Description: Lemma for full-eta properties. The successor of the union of the image of the birthday function under a set is an ordinal. (Contributed by Scott Fenton, 20-Aug-2011.)

Assertion

Ref	Expression
bdayimaon	⊢ (𝐴 ∈ 𝑉 → suc ∪ ( bday “ 𝐴) ∈ On)

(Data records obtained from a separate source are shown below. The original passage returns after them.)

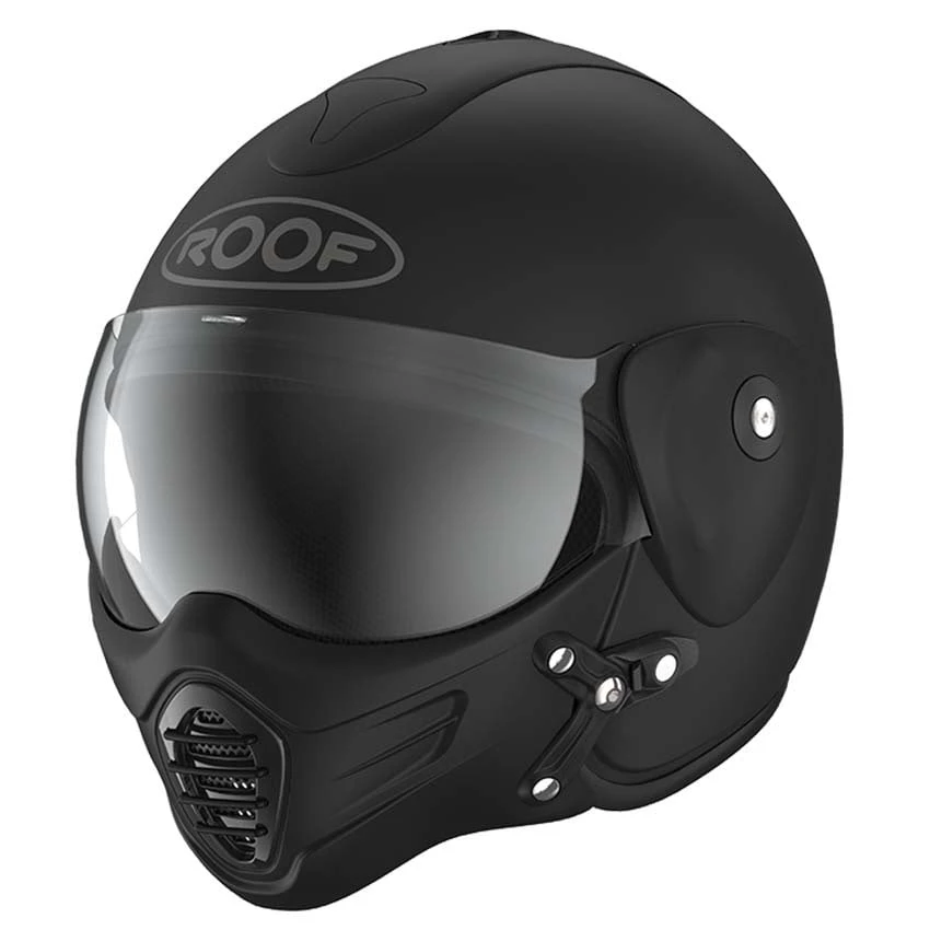 The Roof RO9 Roadster motorcycle helmet is fitted with a high-quality fiberglass shell ensuring safety, lightweight and longevity. The Roadster is equipped with a patented magnetic locking system of the mask, a unique feature on the market ensuring optimum ergonomics and secure locking onto the shell.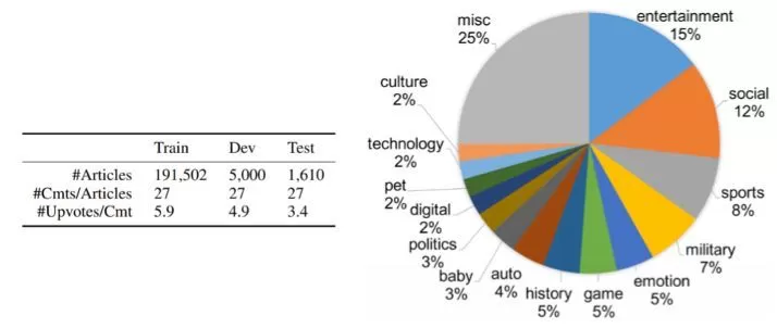 研究者爬取了 2017 年 4 月到 8 月的新闻文章及相关内容,然后使用Python 库Jieba 对所有文本进行了token 化,并过滤掉了文本少于 30 词的短文章和评论数少于 20 的文章。所得到的语料又被分成了训练集、开发集和测试集。该数据集的词汇库大小为1858452。文章标题和内容的平均长度分别为 15 和 554 中文词(不是汉字)。平均评论长度为17 词。辅助信息方面,每篇文章都关联了44 个类别中的一个。每条评论的点赞数量平均在 3.4-5.9 之间,尽管这个数字看起来很小,但该分布表现出了长尾模式——受欢迎的评论的点赞数可达成千上万。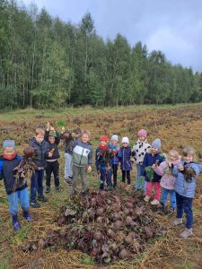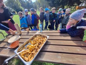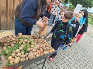 Klasa 1b i 1c wybrały się we wtorek na wycieczkę do Zagrody Szczęśliwych Zwierząt w Białegach. Nie zabrakło tam niesamowitych wrażeń. Uczniowie brali udział w warsztatach plastycznych, aktywnie uczestniczyli też w jesiennych wykopkach. Dzieci zapoznały się z uprawami na polu, rozwiązywały zagadki dotyczące wzrostu i uprawy roślin. Dużą atrakcją dla wszystkich była również przejażdżka meleksem, zwiedzanie zagrody i zapoznanie ze zwierzętami zamieszkującymi gospodarstwo. Chętni mogli przećwiczyć dojenie krowy na bardzo realistycznym modelu zwierzęcia. Na zakończenie wspólnej przygody czekał na dzieci poczęstunek z pieczonych ziemniaków. To był dzień pełen wrażeń, który z pewnością zostanie w pamięci na bardzo długo.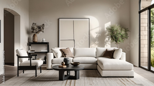 minimalist living room featuring pastel sofa, stylish coffee table, and elegant decor. space is bright and inviting, with natural light enhancing serene atmosphere
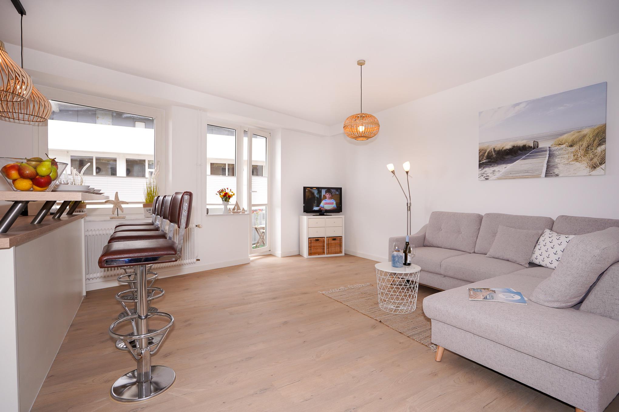Moderne Ferienwohnung in Grömitz mit Balkon, Teilmeerblick und direkter Strandnähe für entspannte Urlaubstage.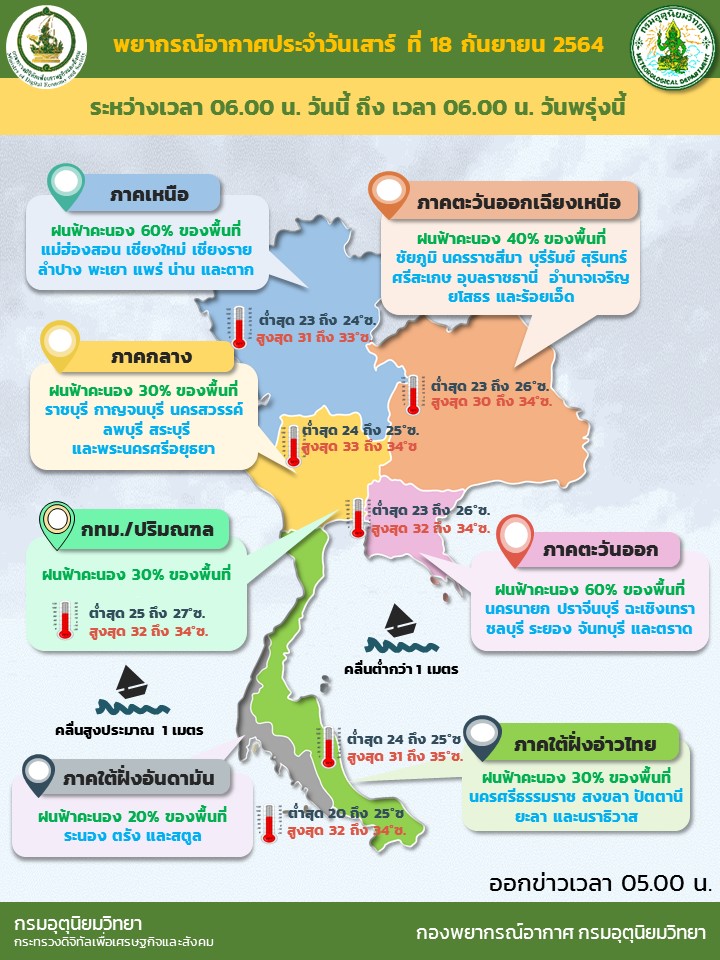 สำหรับคลื่นลมบริเวณทะเลอันดามันและอ่าวไทยมีกำลังอ่อนลง โดยทะเลอันดามันมีคลื่นสูงประมาณ 1 เมตร และอ่าวไทยมีคลื่นต่ำกว่า 1 เมตร ส่วนบริเวณที่มีฝนฟ้าคะนองคลื่นสูง 1-2 เมตร ขอให้ชาวเรือเดินเรือด้วยความระมัดระวัง และหลีกเลี่ยงการเดินเรือบริเวณที่มีฝนฟ้าคะนองไว้ด้วย
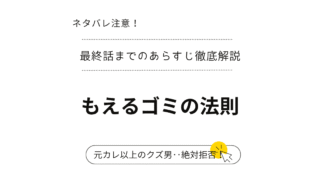 ネタバレ注意!もえるゴミの法則【41話~50話】あらすじ。完結結末:最新話まで掲載!もえるゴミの法則「41話・42話・43話・44話・45話・46話・47話・48話・49話・50話」…最終話までネタバレを含む内容となっていますので、未読の方はご注意ください!男に懲りたソミ、大学生活は静かに過ごすつもり。だが下宿で待っていたのは、想像以上のクズ男チャヌだった。

Proof of Theorem bdayimaon

Step	Hyp	Ref	Expression
1		bdayfo 32421	. . . . . 6 ⊢ bday : No –onto→On
2		fofun 6369	. . . . . 6 ⊢ ( bday : No –onto→On → Fun bday )
3	1, 2	ax-mp 5	. . . . 5 ⊢ Fun bday
4		funimaexg 6222	. . . . 5 ⊢ ((Fun bday ∧ 𝐴 ∈ 𝑉) → ( bday “ 𝐴) ∈ V)
5	3, 4	mpan 680	. . . 4 ⊢ (𝐴 ∈ 𝑉 → ( bday “ 𝐴) ∈ V)
6		uniexg 7234	. . . 4 ⊢ (( bday “ 𝐴) ∈ V → ∪ ( bday “ 𝐴) ∈ V)
7	5, 6	syl 17	. . 3 ⊢ (𝐴 ∈ 𝑉 → ∪ ( bday “ 𝐴) ∈ V)
8		imassrn 5733	. . . . 5 ⊢ ( bday “ 𝐴) ⊆ ran bday
9		forn 6371	. . . . . 6 ⊢ ( bday : No –onto→On → ran bday = On)
10	1, 9	ax-mp 5	. . . . 5 ⊢ ran bday = On
11	8, 10	sseqtri 3856	. . . 4 ⊢ ( bday “ 𝐴) ⊆ On
12		ssorduni 7265	. . . 4 ⊢ (( bday “ 𝐴) ⊆ On → Ord ∪ ( bday “ 𝐴))
13	11, 12	ax-mp 5	. . 3 ⊢ Ord ∪ ( bday “ 𝐴)
14	7, 13	jctil 515	. 2 ⊢ (𝐴 ∈ 𝑉 → (Ord ∪ ( bday “ 𝐴) ∧ ∪ ( bday “ 𝐴) ∈ V))
15		elon2 5989	. . 3 ⊢ (∪ ( bday “ 𝐴) ∈ On ↔ (Ord ∪ ( bday “ 𝐴) ∧ ∪ ( bday “ 𝐴) ∈ V))
16		sucelon 7297	. . 3 ⊢ (∪ ( bday “ 𝐴) ∈ On ↔ suc ∪ ( bday “ 𝐴) ∈ On)
17	15, 16	bitr3i 269	. 2 ⊢ ((Ord ∪ ( bday “ 𝐴) ∧ ∪ ( bday “ 𝐴) ∈ V) ↔ suc ∪ ( bday “ 𝐴) ∈ On)
18	14, 17	sylib 210	1 ⊢ (𝐴 ∈ 𝑉 → suc ∪ ( bday “ 𝐴) ∈ On)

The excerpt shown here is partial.